(ENTRIES SHOWN)

______________________________

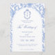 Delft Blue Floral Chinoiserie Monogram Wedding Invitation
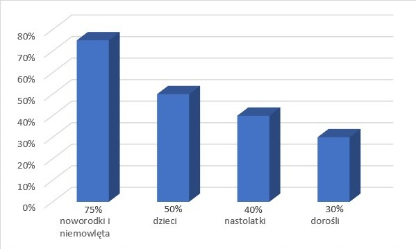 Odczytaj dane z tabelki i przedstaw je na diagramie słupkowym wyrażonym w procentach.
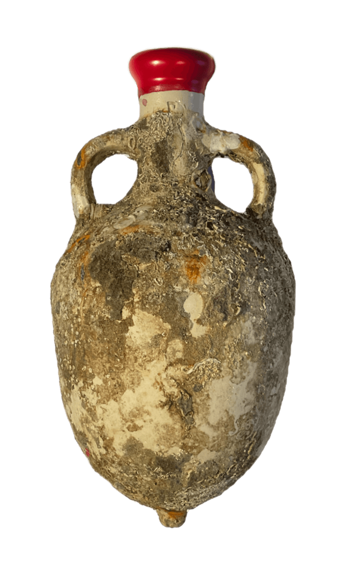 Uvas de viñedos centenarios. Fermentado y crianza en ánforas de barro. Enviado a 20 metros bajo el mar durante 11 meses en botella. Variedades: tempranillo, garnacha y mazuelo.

______________________________

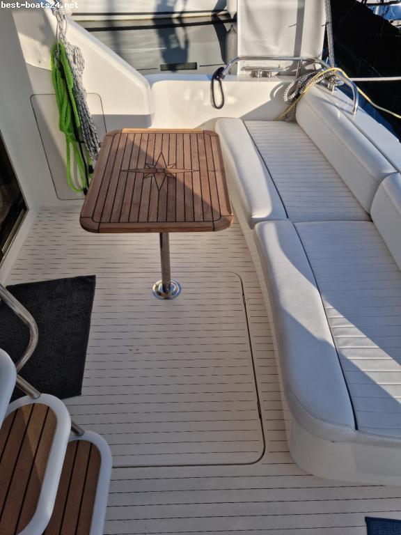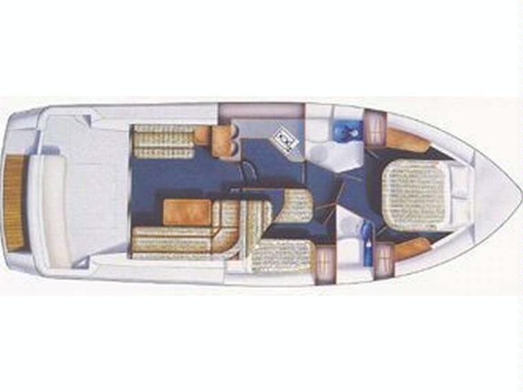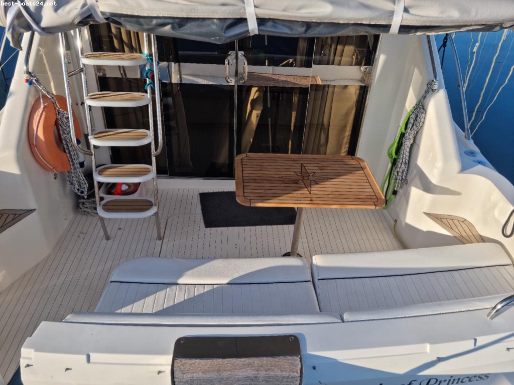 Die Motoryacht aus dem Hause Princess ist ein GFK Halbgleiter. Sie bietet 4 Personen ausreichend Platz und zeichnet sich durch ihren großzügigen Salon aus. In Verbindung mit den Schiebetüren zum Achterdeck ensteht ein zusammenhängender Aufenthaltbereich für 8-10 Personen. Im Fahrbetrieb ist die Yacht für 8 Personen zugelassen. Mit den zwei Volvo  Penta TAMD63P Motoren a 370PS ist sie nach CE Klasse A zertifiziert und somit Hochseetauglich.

______________________________

(ACTIVITY) Print the part of the listing above that opens with the line containing "Delft Blue Floral" and closes with the line containing "Uvas de viñedos". Copy it exactly, both ends included, and omit the pictures.

(WRITTEN REPLY)
 Delft Blue Floral Chinoiserie Monogram Wedding Invitation
 Odczytaj dane z tabelki i przedstaw je na diagramie słupkowym wyrażonym w procentach.
 Uvas de viñedos centenarios. Fermentado y crianza en ánforas de barro. Enviado a 20 metros bajo el mar durante 11 meses en botella. Variedades: tempranillo, garnacha y mazuelo.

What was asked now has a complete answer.